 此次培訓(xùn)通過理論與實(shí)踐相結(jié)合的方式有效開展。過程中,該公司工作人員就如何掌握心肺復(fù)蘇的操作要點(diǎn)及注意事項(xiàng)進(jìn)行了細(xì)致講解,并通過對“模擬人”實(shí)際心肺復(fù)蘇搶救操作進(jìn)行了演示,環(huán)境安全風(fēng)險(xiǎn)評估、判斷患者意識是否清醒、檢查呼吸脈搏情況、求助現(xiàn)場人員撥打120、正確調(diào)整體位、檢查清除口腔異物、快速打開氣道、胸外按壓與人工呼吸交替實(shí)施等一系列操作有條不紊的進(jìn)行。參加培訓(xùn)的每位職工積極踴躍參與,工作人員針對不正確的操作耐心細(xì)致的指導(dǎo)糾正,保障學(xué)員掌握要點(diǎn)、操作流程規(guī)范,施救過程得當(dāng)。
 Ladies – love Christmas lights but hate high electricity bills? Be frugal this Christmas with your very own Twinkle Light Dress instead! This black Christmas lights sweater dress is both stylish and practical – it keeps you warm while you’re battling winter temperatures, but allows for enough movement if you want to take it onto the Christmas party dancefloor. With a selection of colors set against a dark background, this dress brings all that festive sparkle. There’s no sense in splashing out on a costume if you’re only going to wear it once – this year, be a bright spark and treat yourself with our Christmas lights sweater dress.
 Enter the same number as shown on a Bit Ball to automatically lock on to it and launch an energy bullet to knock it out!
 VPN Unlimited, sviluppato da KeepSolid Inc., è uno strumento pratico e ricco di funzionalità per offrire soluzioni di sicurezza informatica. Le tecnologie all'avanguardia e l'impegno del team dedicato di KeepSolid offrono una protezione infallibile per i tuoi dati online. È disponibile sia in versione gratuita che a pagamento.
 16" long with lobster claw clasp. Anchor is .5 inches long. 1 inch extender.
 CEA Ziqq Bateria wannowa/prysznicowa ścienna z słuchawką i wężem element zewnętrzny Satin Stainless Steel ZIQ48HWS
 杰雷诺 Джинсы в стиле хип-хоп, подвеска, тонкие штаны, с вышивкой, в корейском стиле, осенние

**Directions for this task:**
Give each line of the records above again, unchanged.

**Worked solution:**
 此次培訓(xùn)通過理論與實(shí)踐相結(jié)合的方式有效開展。過程中,該公司工作人員就如何掌握心肺復(fù)蘇的操作要點(diǎn)及注意事項(xiàng)進(jìn)行了細(xì)致講解,并通過對“模擬人”實(shí)際心肺復(fù)蘇搶救操作進(jìn)行了演示,環(huán)境安全風(fēng)險(xiǎn)評估、判斷患者意識是否清醒、檢查呼吸脈搏情況、求助現(xiàn)場人員撥打120、正確調(diào)整體位、檢查清除口腔異物、快速打開氣道、胸外按壓與人工呼吸交替實(shí)施等一系列操作有條不紊的進(jìn)行。參加培訓(xùn)的每位職工積極踴躍參與,工作人員針對不正確的操作耐心細(xì)致的指導(dǎo)糾正,保障學(xué)員掌握要點(diǎn)、操作流程規(guī)范,施救過程得當(dāng)。
 Ladies – love Christmas lights but hate high electricity bills? Be frugal this Christmas with your very own Twinkle Light Dress instead! This black Christmas lights sweater dress is both stylish and practical – it keeps you warm while you’re battling winter temperatures, but allows for enough movement if you want to take it onto the Christmas party dancefloor. With a selection of colors set against a dark background, this dress brings all that festive sparkle. There’s no sense in splashing out on a costume if you’re only going to wear it once – this year, be a bright spark and treat yourself with our Christmas lights sweater dress.
 Enter the same number as shown on a Bit Ball to automatically lock on to it and launch an energy bullet to knock it out!
 VPN Unlimited, sviluppato da KeepSolid Inc., è uno strumento pratico e ricco di funzionalità per offrire soluzioni di sicurezza informatica. Le tecnologie all'avanguardia e l'impegno del team dedicato di KeepSolid offrono una protezione infallibile per i tuoi dati online. È disponibile sia in versione gratuita che a pagamento.
 16" long with lobster claw clasp. Anchor is .5 inches long. 1 inch extender.
 CEA Ziqq Bateria wannowa/prysznicowa ścienna z słuchawką i wężem element zewnętrzny Satin Stainless Steel ZIQ48HWS
 杰雷诺 Джинсы в стиле хип-хоп, подвеска, тонкие штаны, с вышивкой, в корейском стиле, осенние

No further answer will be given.